Deep Tech For Net Zero @ Climafix 2025
Join us on 12th September at IIT Madras Research Park, from 10.00 AM to 01.30 PM, for an engaging session on Deep Tech for Net Zero.
Deep tech is revolutionizing the journey to net zero by harnessing advanced technologies—like artificial intelligence and new materials—to drive deep emission cuts and unlock sustainable growth. By integrating these breakthroughs across sectors, we can accelerate decarbonization and build resilient, future-ready economies.
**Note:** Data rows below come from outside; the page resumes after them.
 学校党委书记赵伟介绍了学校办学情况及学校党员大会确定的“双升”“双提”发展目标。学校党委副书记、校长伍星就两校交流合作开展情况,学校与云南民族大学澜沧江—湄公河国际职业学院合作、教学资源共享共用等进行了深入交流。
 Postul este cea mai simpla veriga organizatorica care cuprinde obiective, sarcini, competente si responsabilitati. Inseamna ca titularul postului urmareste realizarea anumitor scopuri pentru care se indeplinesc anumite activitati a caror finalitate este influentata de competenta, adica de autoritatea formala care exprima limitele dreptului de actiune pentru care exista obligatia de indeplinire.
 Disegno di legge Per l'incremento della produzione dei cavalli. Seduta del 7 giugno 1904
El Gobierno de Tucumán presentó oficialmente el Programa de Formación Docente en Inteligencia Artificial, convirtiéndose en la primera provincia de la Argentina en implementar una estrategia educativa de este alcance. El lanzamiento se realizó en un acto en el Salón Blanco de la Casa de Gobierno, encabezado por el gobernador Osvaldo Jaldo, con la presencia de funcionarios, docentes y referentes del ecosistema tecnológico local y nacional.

All in all, it’s a bold and transformative way to tackle climate change!
Why is “Deep Tech for Net Zero” impactful in today’s world?
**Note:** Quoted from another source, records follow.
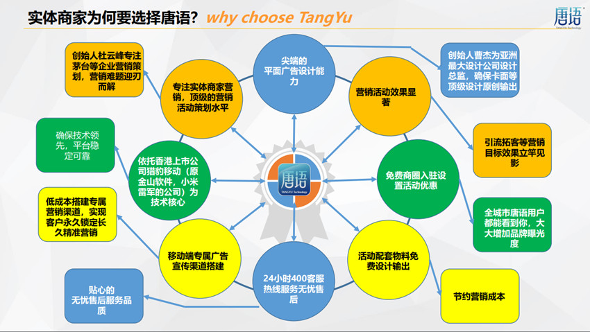 唐语科技是一家重研发,重品牌,重客户的企业,有着极好的社会公信力和市场声誉的企业,作为原生型应用软件技术开发提供商,为合作商家与其消费者之间搭建了一条专属的移动互联 网广告宣传通道,极大的降低了日常促销成本,实现了真正意义上的客户精准广告投放目标,开创了国内崭新 的立体化商业格局。这才是唐语科技的使命。
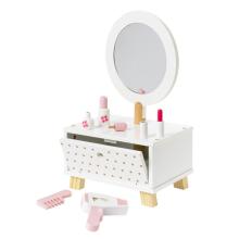 Cette coiffeuse en bois et accessoires invite votre enfant à se refaire une beauté ! Chaque accessoire à son rôle à jouer dans les histoires qu’il s’invente : le sèche-cheveux et le peigne après la douche, le rouge à lèvres, le vernis et le parfum pour la touche finale. Pratique, le grand miroir amovible permet de suivre le résultat en temps réel.
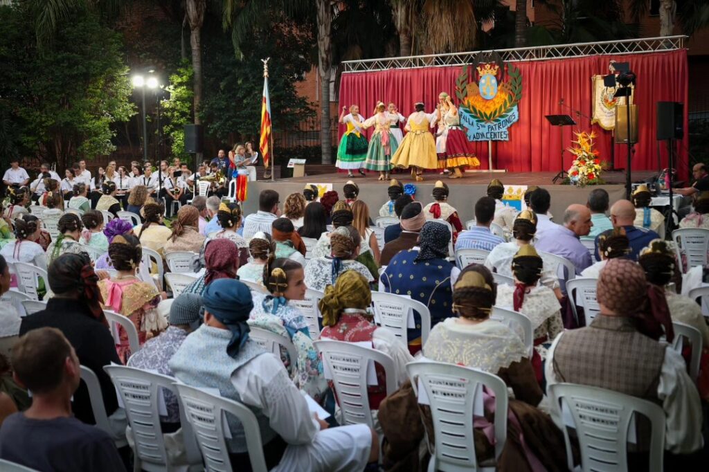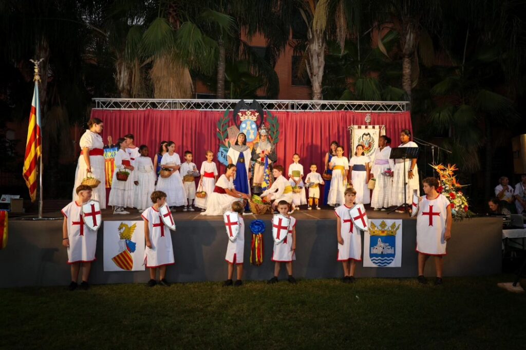 El homenaje estuvo acompañado de un variado repertorio cultural y festivo que emocionó al público asistente. El Grup de Ball El Granerer de la Falla Sants Patrons ofreció una dansa tradicional que rindió tributo a las raíces valencianas. A continuación, los falleros infantiles de la comisión representaron una teatralización y posteriormente representantes de la Falla Sants Patrons recitaron versos dedicados a la Real Senyera, poniendo palabras al sentimiento compartido de respeto, identidad y amor hacia nuestra bandera.
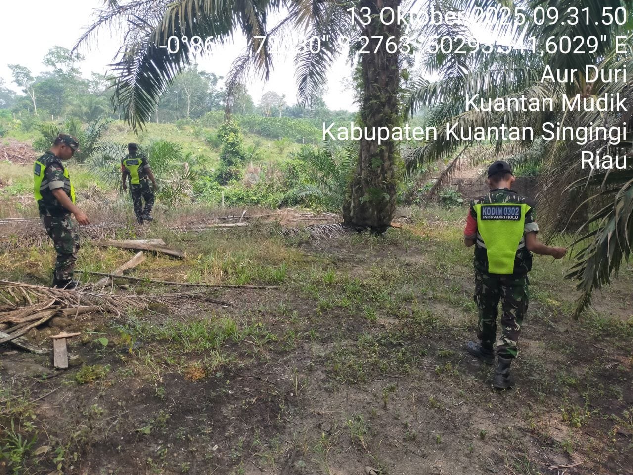 Babinsa Koramil 08/KM Kodim 0302/Inhu Sertu Nopin yulwandi dan Tiga rekan Babinsa Lainnya melaksanakan Kegiatan Patroli Kebakaran Hutan Dan Lahan ( Karhutla ) Di wilayah Desa Aur duri Kecamatan Kuantan mudik Kabupaten Kuantan Singingi. Senin ( 13/10/2025 ).

It acts as a facilitator for Global Decarbonization Initiatives.
In India alone, the deep tech sector now includes nearly 4,000 startups, with over 480 new ones added in 2023 and strong government backing through a ₹10,000 crore fund.
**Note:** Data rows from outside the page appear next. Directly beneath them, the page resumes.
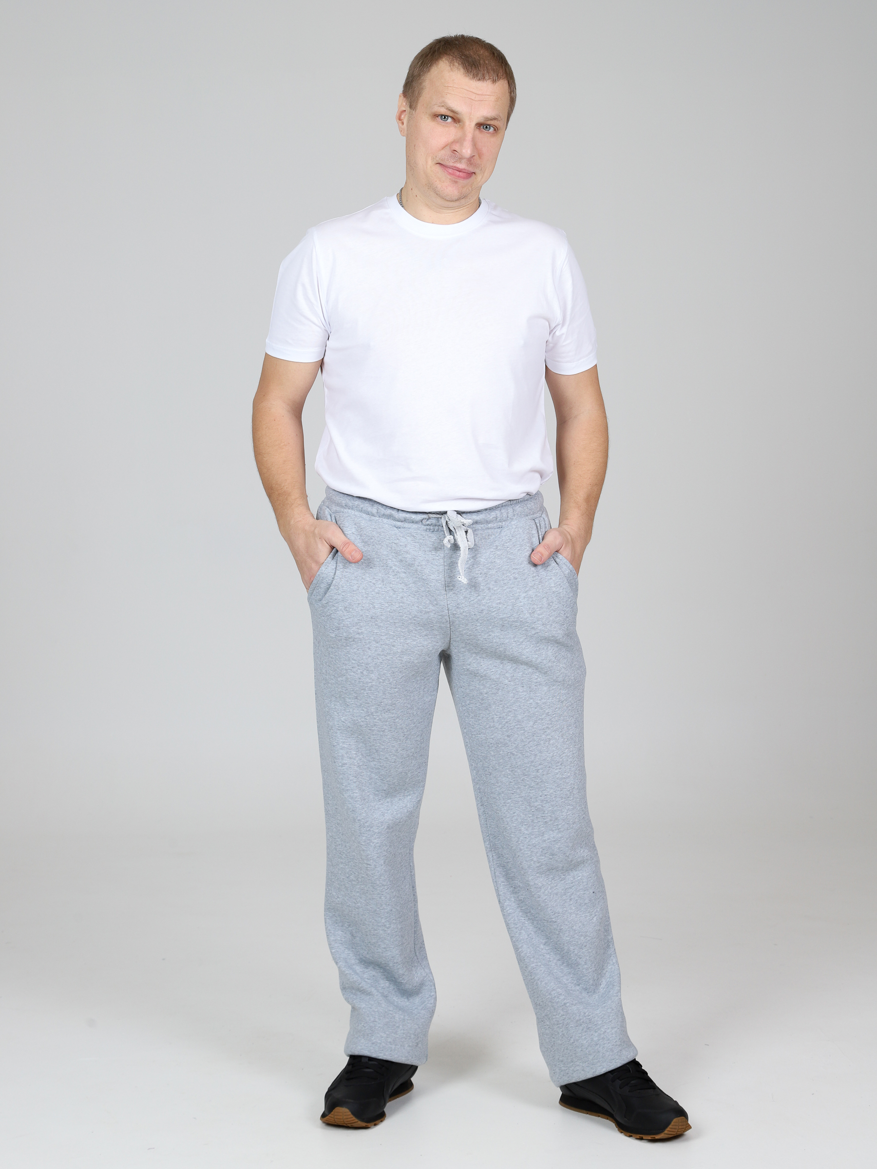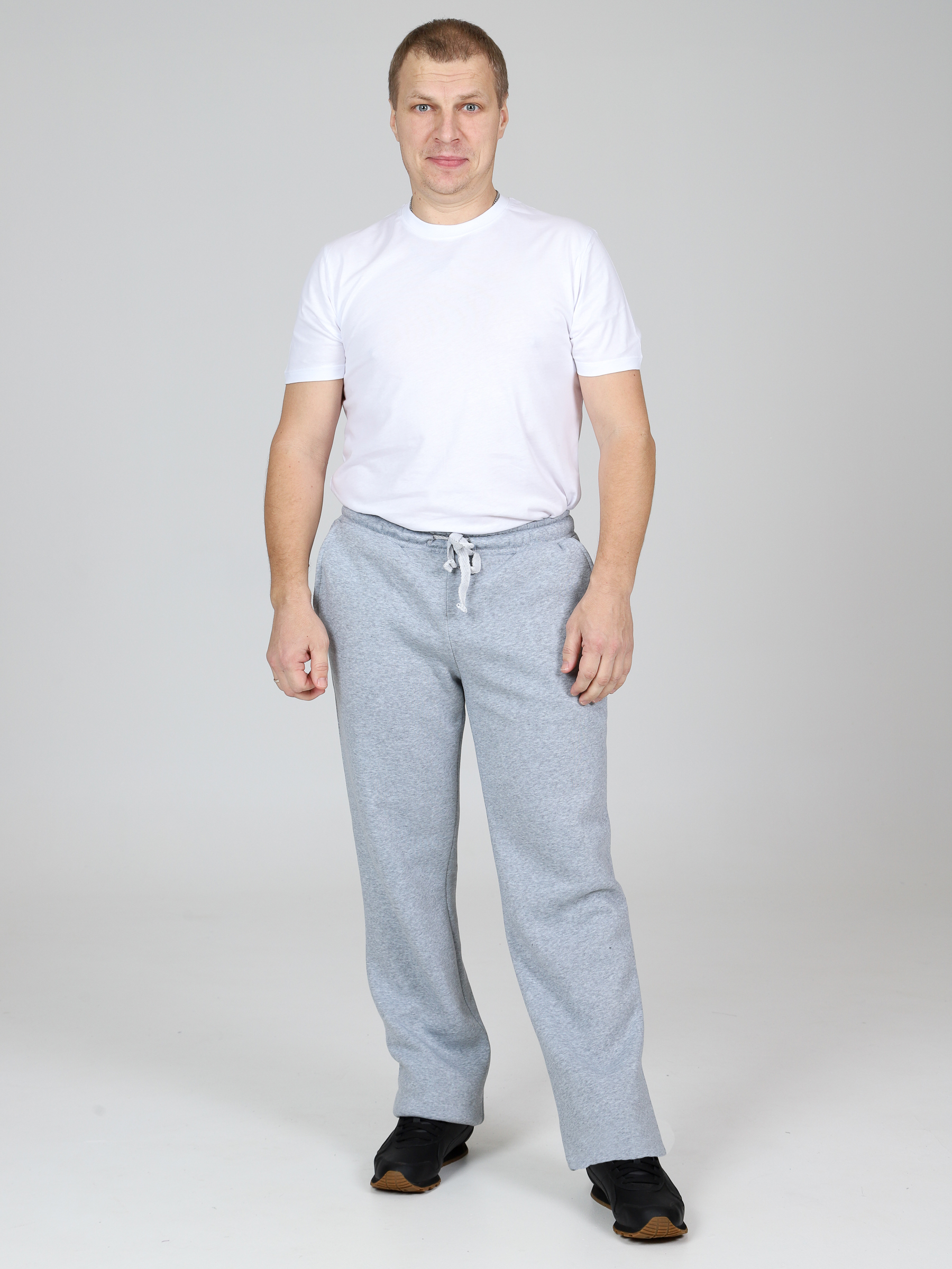 Брюки футер с начесом мужские, на резинке и регулирующих завязках. Сбоку по шву удобные и глубокие карманы. Уникальное сочетание высокого качества и стильного фасона. Однотонные прямые брюки – базовая вещь в мужском гардеробе, впишутся в любой стиль милитари, спортивный. В наших брюках настолько тепло и комфортно, что Вы не захотите их снимать. Начес на изнаночной стороне очень приятен телу. Идеально подходят для повседневной носки, для прогулок с коляской, на работу, на рыбалку и для спортивных занятий.
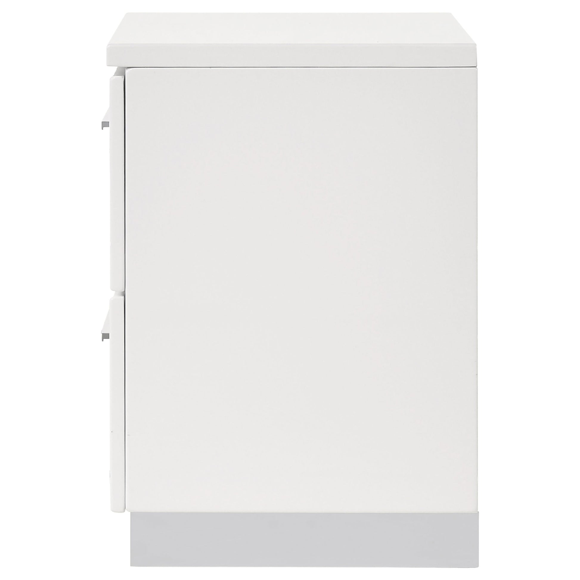 Dale un toque funcional a tu dormitorio con esta moderna mesita de noche de dos cajones. Con un acabado blanco brillante, ofrece una apariencia limpia y pulida que complementa los interiores contemporáneos. Los tiradores y patas de metal cromado le dan un toque refinado, mientras que las guías extensibles metálicas garantizan un manejo suave de los cajones. Diseñada para el uso diario, esta compacta unidad de almacenamiento combina durabilidad con una estética elegante.
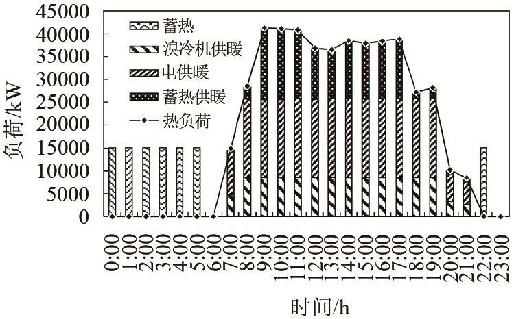 水蓄熱技術(shù)與傳統(tǒng)分布式能源系統(tǒng)耦合應(yīng)用方式與冰蓄冷技術(shù)耦合應(yīng)用類似,也為余熱蓄熱和低谷電蓄熱技術(shù),對(duì)應(yīng)的設(shè)計(jì)原理也如圖2所示。Wu等驗(yàn)證分布式能源系統(tǒng)與余熱水蓄熱技術(shù)耦合應(yīng)用具有很好的經(jīng)濟(jì)性和環(huán)境友好性。Blarke等建立余熱水蓄熱技術(shù)與分布式能源系統(tǒng)耦合應(yīng)用系統(tǒng),得到了類似的結(jié)論。趙靜等研究了低谷電水蓄熱技術(shù)對(duì)傳統(tǒng)分布式能源系統(tǒng)的性能影響,發(fā)現(xiàn)低谷電水蓄熱技術(shù)不僅可以滿足熱負(fù)荷需求,如圖7所示,還可以增加系統(tǒng)運(yùn)行時(shí)間,提高系統(tǒng)經(jīng)濟(jì)效益及能源利用效率。

On the environmental front, deep tech solutions like carbon capture, green hydrogen, and AI are vital for addressing 85% of global CO₂ emissions from energy, with major emission cuts expected in the next decade.
Looking at the market, funding for deep tech startups in India rose 78% in 2024 to $1.6 billion, while global investment in clean energy deep tech jumped from $1.9 billion in 2019 to $11.6 billion in 2023.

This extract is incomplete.